**WHAT THIS TASK INVOLVES**.
Only a number is expected in reply: the number of lines below that include the word "Figura".

**RECORDS TO USE**.
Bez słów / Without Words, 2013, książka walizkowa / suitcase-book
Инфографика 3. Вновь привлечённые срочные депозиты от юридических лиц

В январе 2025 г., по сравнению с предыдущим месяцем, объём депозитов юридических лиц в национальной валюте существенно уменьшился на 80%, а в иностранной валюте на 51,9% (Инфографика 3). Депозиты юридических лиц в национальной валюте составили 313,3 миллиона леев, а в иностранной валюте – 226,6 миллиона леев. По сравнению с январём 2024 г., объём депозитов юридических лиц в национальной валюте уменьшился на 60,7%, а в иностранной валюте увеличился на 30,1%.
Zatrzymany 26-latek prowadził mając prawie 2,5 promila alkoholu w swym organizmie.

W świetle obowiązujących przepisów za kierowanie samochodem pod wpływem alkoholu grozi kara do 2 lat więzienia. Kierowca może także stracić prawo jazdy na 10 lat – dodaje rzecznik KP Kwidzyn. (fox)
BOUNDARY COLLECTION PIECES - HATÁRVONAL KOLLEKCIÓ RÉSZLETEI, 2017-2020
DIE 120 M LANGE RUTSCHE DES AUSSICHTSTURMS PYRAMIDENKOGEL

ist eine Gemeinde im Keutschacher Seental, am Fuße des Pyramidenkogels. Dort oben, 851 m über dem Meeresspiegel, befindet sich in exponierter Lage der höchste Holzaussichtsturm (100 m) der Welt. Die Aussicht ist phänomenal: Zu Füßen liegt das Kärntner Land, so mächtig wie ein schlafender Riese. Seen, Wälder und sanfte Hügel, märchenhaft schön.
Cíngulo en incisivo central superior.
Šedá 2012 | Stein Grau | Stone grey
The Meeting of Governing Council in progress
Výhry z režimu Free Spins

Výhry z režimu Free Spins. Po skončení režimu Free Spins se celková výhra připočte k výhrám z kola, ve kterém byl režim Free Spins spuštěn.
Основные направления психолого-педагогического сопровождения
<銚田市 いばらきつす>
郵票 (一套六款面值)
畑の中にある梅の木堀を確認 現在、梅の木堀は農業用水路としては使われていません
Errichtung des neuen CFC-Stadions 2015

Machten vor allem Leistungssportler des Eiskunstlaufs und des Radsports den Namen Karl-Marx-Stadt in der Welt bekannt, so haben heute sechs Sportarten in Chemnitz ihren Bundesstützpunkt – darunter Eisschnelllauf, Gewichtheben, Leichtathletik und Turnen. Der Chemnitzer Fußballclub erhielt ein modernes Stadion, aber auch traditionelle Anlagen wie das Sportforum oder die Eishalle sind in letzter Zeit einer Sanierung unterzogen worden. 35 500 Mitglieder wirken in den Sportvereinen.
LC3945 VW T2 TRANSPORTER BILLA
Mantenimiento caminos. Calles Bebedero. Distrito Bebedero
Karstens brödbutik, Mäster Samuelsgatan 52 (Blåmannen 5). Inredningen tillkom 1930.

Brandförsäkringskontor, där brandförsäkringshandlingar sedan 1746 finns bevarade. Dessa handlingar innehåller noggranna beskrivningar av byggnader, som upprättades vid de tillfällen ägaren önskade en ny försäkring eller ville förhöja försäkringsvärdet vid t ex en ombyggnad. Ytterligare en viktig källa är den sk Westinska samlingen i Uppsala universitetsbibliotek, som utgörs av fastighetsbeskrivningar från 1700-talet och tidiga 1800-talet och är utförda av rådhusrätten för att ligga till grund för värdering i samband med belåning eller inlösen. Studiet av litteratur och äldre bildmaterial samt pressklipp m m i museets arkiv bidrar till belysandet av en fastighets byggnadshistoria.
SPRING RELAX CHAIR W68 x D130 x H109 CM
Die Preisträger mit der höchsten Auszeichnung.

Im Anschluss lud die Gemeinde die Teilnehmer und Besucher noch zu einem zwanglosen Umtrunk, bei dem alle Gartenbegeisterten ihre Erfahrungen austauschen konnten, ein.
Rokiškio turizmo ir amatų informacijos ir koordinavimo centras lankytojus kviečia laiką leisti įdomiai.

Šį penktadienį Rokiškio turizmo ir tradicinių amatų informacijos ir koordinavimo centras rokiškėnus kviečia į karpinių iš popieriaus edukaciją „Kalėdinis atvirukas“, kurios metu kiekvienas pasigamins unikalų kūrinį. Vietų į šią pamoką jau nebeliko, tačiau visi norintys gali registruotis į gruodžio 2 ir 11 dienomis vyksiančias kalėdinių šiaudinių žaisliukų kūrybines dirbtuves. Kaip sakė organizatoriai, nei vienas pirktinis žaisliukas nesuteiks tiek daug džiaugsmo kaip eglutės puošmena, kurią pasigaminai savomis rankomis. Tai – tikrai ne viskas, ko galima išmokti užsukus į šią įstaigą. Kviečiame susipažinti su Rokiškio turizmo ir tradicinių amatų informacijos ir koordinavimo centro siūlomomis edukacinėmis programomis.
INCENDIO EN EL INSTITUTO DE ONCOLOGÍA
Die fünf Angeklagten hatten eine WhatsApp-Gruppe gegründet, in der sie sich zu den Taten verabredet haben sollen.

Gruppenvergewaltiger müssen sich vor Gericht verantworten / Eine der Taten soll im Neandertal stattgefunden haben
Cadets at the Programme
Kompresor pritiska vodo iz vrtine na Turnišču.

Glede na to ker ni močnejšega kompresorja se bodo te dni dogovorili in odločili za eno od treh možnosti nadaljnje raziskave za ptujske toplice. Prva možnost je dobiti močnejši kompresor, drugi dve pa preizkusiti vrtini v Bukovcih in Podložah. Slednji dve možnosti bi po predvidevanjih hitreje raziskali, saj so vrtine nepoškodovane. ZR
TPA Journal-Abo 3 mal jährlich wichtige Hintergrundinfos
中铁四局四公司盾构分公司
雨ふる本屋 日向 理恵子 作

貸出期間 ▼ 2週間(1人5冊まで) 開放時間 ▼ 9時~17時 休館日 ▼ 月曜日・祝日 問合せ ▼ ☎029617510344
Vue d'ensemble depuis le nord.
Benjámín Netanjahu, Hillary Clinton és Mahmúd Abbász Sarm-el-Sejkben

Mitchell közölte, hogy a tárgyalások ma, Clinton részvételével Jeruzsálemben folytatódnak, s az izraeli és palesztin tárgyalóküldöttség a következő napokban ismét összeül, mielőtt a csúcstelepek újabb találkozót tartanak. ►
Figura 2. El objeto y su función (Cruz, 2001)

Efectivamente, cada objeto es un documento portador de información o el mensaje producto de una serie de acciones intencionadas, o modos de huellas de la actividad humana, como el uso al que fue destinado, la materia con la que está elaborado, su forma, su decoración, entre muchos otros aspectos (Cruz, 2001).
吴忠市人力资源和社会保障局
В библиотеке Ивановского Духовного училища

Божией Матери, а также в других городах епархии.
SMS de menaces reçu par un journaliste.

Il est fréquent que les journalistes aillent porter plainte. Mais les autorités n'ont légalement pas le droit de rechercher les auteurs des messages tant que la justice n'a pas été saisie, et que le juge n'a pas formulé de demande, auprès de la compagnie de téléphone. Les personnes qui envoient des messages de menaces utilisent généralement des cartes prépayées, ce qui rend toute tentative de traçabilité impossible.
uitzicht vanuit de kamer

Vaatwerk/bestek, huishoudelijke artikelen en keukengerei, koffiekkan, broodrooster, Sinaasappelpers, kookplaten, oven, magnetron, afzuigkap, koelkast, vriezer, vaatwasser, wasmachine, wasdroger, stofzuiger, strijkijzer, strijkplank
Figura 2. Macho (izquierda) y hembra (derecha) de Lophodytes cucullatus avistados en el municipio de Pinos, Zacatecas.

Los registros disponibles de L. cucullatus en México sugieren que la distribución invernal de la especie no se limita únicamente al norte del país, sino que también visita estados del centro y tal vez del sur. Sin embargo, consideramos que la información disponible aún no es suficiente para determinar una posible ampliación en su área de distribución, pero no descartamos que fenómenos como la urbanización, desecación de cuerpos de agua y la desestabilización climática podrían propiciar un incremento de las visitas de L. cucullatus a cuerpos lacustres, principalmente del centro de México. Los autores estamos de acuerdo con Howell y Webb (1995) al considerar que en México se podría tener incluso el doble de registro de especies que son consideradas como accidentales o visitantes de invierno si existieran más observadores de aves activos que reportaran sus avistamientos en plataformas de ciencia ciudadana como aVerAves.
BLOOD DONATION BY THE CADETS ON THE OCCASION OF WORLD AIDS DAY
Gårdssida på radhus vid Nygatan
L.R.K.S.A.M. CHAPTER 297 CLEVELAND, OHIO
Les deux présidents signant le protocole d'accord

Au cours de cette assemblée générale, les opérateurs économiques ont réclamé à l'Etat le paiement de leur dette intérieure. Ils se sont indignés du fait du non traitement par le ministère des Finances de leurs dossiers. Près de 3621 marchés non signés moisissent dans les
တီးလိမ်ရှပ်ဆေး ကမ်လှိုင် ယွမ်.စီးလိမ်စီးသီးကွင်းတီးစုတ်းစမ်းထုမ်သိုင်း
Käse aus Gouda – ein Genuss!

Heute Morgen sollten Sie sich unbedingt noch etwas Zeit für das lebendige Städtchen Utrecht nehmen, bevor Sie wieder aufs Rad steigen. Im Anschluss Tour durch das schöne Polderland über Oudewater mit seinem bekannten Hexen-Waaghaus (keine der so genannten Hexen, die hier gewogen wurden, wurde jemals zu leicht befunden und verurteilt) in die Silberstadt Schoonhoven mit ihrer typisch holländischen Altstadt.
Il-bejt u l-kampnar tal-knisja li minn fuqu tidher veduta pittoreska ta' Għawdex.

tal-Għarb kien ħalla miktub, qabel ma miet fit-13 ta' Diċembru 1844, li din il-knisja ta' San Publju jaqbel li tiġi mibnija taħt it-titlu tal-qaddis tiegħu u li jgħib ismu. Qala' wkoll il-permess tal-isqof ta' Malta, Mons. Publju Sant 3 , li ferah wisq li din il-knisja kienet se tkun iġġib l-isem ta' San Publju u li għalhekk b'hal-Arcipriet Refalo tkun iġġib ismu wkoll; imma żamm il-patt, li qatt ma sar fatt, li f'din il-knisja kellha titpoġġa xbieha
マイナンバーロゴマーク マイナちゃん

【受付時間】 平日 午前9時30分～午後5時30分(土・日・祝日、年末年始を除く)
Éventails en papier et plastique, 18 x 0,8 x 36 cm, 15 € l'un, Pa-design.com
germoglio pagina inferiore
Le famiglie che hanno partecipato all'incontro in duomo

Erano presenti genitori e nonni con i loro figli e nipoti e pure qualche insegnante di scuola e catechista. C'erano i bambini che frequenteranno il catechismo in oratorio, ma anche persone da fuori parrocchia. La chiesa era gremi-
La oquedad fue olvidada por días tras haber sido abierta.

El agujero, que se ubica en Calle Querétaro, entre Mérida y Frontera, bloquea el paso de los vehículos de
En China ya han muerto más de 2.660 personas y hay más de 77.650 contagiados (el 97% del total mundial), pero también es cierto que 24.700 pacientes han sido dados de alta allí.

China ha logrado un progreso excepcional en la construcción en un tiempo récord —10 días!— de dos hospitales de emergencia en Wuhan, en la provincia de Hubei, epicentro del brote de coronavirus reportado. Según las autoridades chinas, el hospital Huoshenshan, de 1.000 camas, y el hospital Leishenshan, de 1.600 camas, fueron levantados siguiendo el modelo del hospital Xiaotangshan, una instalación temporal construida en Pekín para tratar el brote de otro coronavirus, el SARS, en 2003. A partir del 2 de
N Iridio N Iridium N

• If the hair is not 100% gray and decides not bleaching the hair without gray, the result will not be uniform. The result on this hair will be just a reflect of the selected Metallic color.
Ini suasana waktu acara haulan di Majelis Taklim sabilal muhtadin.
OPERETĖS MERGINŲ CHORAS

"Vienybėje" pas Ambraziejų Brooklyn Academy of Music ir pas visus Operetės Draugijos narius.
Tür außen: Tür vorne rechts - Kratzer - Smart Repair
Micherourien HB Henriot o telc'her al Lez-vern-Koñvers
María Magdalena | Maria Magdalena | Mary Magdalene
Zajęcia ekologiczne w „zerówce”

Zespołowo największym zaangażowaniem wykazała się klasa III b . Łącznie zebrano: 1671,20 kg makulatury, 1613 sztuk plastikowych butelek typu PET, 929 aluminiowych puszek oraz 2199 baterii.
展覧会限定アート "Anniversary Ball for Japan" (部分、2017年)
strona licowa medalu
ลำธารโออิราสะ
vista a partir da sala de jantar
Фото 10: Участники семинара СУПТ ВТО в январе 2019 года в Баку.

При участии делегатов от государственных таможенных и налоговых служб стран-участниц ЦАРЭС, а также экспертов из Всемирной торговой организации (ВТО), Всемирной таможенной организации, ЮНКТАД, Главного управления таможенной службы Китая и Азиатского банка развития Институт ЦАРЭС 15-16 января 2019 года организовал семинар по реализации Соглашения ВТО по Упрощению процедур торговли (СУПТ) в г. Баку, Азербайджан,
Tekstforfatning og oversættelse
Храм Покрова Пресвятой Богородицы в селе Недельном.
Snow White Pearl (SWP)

**SOLVED PROBLEM**.
2